Em ‘Touch Me’, apresentado no Sundance, um alienígena viciante serve como metáfora para codependência e TOC. Analisamos como o diretor Addison Heimann usa a premissa absurda de sexploitation para externalizar experiências de saúde mental que o cinema ‘sério’ frequentemente erra.

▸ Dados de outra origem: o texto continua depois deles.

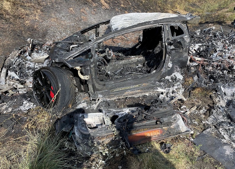 Lamborghini brennt nach Unfall auf der A 8 aus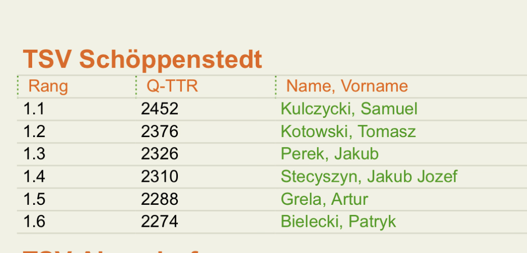 Leider kommt nicht die Nummer 1 Samuel Kulczycki, der bereits Duelle mit Boll oder Franziska ausgeglichen gestalten konnte. Wahnsinn wäre, wenn Stecyzyn als 3er (1.4) mitreisen würde, dann würde „hinten“ jemand mit 2310 Punkten spielen :-).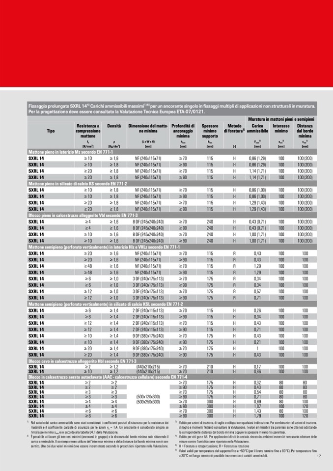 per un ancorante singolo in fissaggi multipli di applicazioni non strutturali in muratura.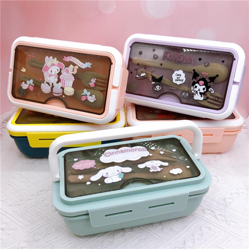 1 pcs Double Layer Lunch Box with Spoon, Portable Lunch Box, Outdoor Travel Accessories, School and Office Staffs kitchen Accessories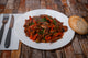 Mergi la magazincarne de pui sau porc, ciuperci, sos rosu, mamaliga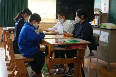 中学3年生の英語の授業では、問題プリントに集中して取り組んでいました。今、3年生が作成した英作文が廊下に掲示してあります。頑張っています。

Existem filmes que parecem uma coisa e são outra completamente diferente. ‘Touch Me’ chegou ao Sundance com a promessa de ser ‘o filme mais horny do festival’ — um alienígena que vicia suas vítimas com toque e tentáculos — mas esconde algo mais ambicioso: uma discussão franca sobre codependência, TOC e a forma como transtornos mentais podem nos tornar presas fáceis para manipuladores. Essa dualidade entre exploração e reflexão séria é o que torna o filme de Addison Heimann tão perturbador — e relevante.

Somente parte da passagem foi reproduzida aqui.